Over the years, I’ve received numerous calls from people about how an invention promoter may have taken advantage of them. Invention promoters are also referred to as invention promotion company, invention promotion firm, and invention submission companies.
1) What is the definition of an invention promoter?
Under 35 USC 297, the definition of an invention promoter is one (1) that offers to perform or performs “invention promotion services” and (2) who holds itself out through advertising in any mass media as providing such services. “Invention promotion services” means the procurement or the attempted procurement for a customer of a firm, corporation, or other entity to develop and market products or services that include the invention of the customer.
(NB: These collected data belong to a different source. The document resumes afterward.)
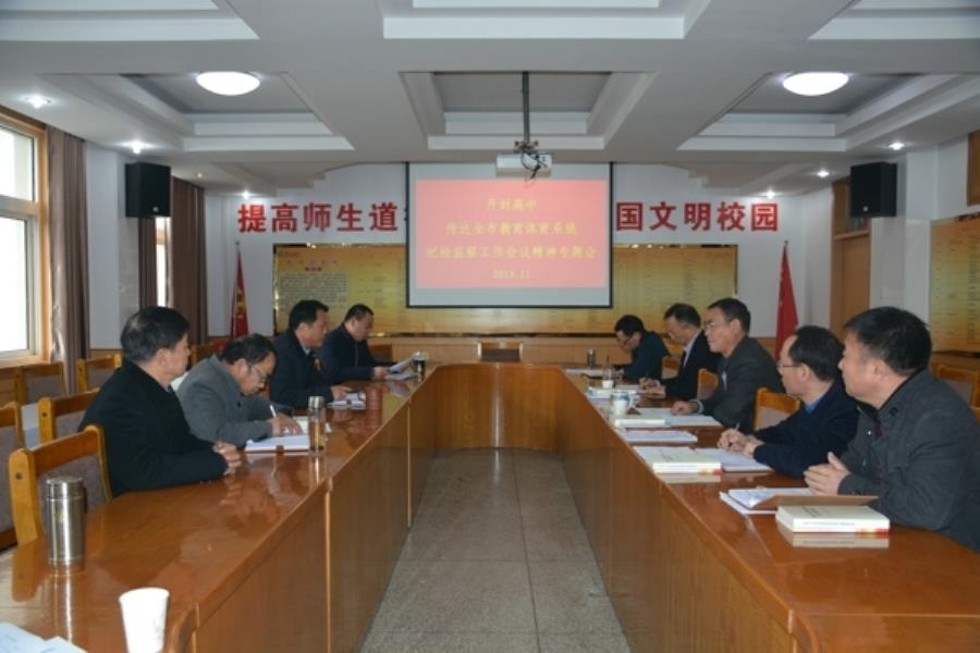 2019年11月22日,开封高中在三楼会议室召开传达全市教育体育系统纪检监察工作会议精神专题会,会议由开封高中党委书记耿振勇主持。在会上,党委纪检委员李振华向与会人员传达了全市教育体育系统纪检监察工作会议主要精神,并带领学习中共开封市纪委、开封市监察局印发的《关于严格规范党和国家工作人员操办婚丧喜庆等事宜的暂行规定》。党委书记耿振勇指出,各部门要召开相关会议,将上级要求传达至每位教职工。全体教职工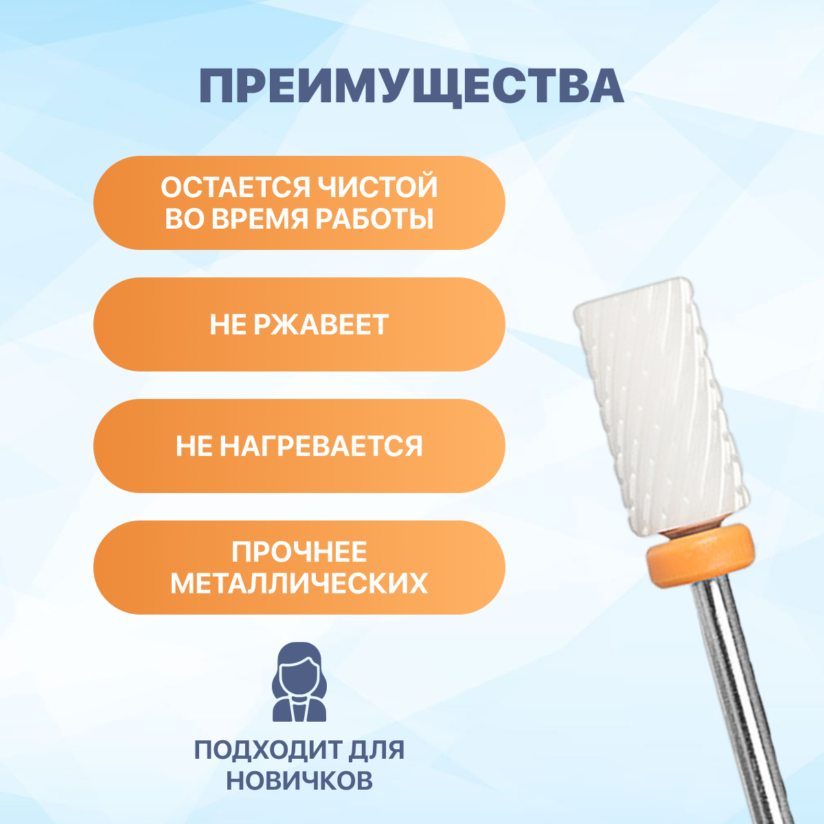 Отзывы на Фреза для маникюра и педикюра Irisk Professional керамическая Цилиндр, диаметр 6 мм, оранжевый, металл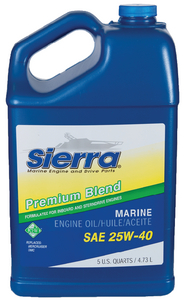 Sierra 25W-40 Four Cycle Inboard/Outboard Engine Oil is specifically formulated to provide excellent lubrication and corrosion protection in the harsh marine environment. This premium marine engine oil outperforms standard automotive oils with superior detergency, anti-oxidants, anti-wear additives, and corrosion protection.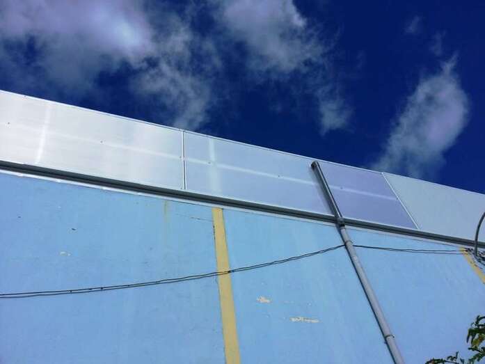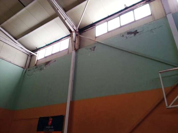 En el pabellón Antonio Moreno, utilizado por el Rocasa Remudas y por el IES Guillermina Brito, anexo al mismo, una de las fachadas protagonizó varios desprendimientos. La caída de 20 metros líneales del muro de cerramiento obligó a una intervención urgente. Se ha tenido que rehabilitar la fachada norte y, aprovechando esta medida, se ha procedido a ubicar una hilera de mamparas translúcidas en su cota superior para facilitar la entrada de luz natural y el consiguiente ahorro energético.

2) What does the FTC and the USPTO have to say about invention promoters?
These companies have become sophisticated in luring inventors into retaining them for their services despite the bad reputation and nominal success of these types of firms. If you do decide to utilize the services of an invention promoter, please consider the following information published by the United States Patent and Trademark Office and the Federal Trade Commission.
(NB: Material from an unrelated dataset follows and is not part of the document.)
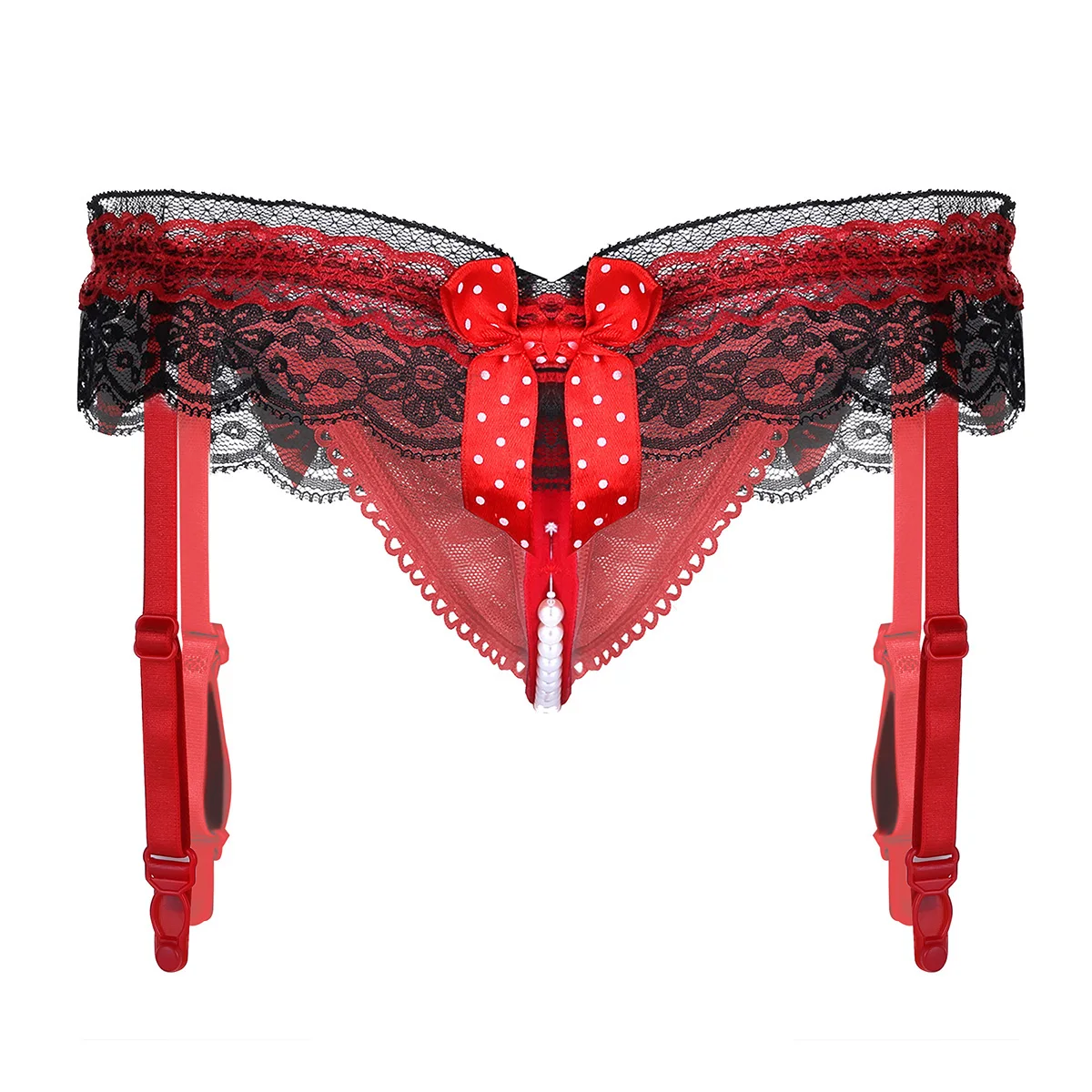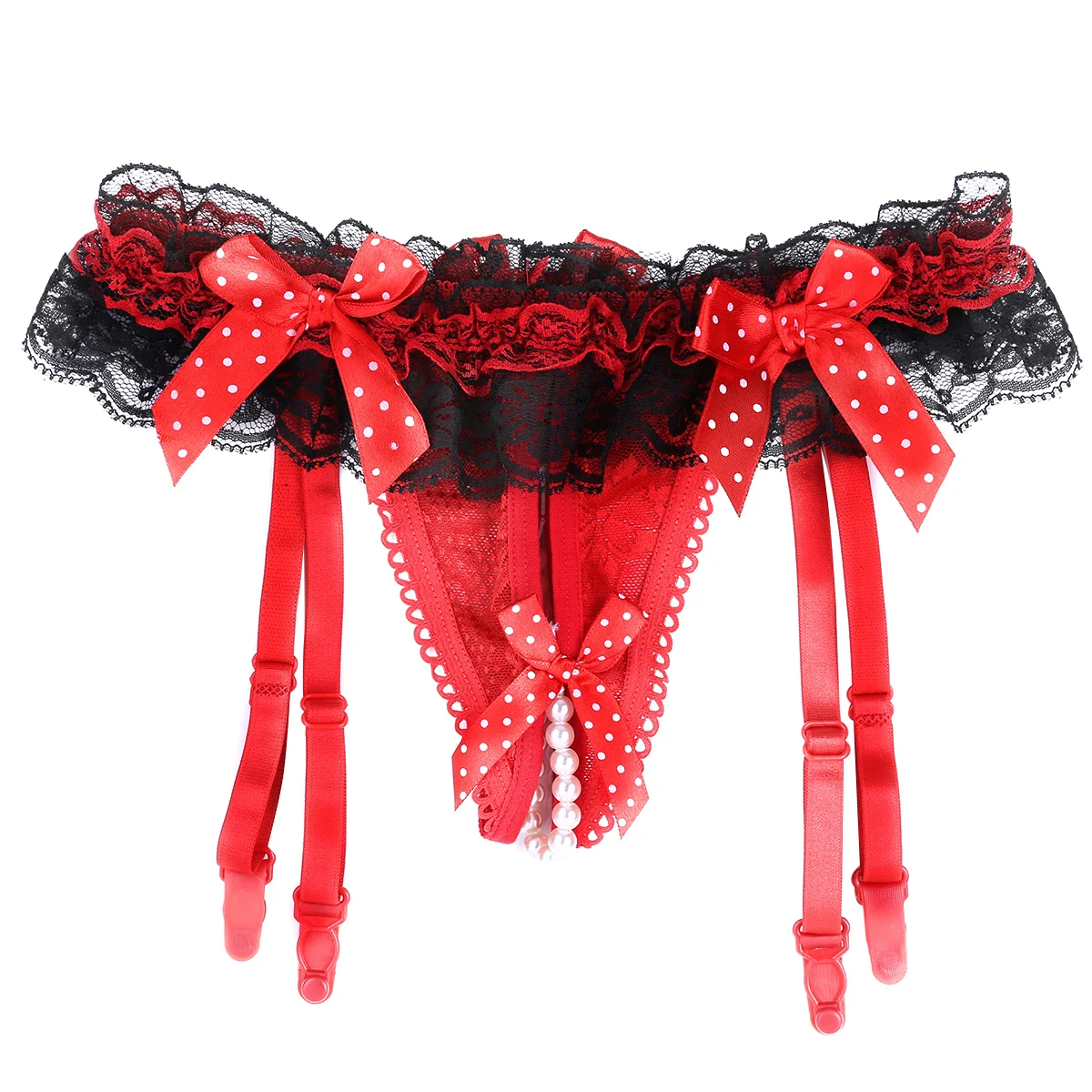 Женские сексуальные трусики без косточек, кружевные трусики с рюшами и открытой промежностью, трусики-стринги с жемчужинами, массажное нижнее белье с подвязками

You can find out whether anyone has filed a complaint against an invention promoter at the USPTO website. You can also search the FTC website <www.ftc.gov> to determine whether the FTC has investigated or fined an invention promoter.
3) Does the invention promoter have to disclose their track record?
35 USC 297 also requires the invention promoter disclose the following information (i.e., required disclosures) to its customers in writing prior to entering into a contract for invention promotion services:
(1) the total number of inventions evaluated by the invention promoter for commercial potential in the past 5 years, as well as the number of those inventions that received positive evaluations, and the number of those inventions that received negative evaluations;
(2) the total number of customers who have contracted with the invention promoter in the past 5 years, not including customers who have purchased trade show services, research, advertising, or other nonmarketing services from the invention promoter, or who have defaulted in their payment to the invention promoter;
(3) the total number of customers known by the invention promoter to have received a net financial profit as a direct result of the invention promotion services provided by such invention promoter;
(4) the total number of customers known by the invention promoter to have received license agreements for their inventions as a direct result of the invention promotion services provided by such invention promoter; and
(5) the names and addresses of all previous invention promotion companies with which the invention promoter or its officers have collectively or individually been affiliated in the previous 10 years.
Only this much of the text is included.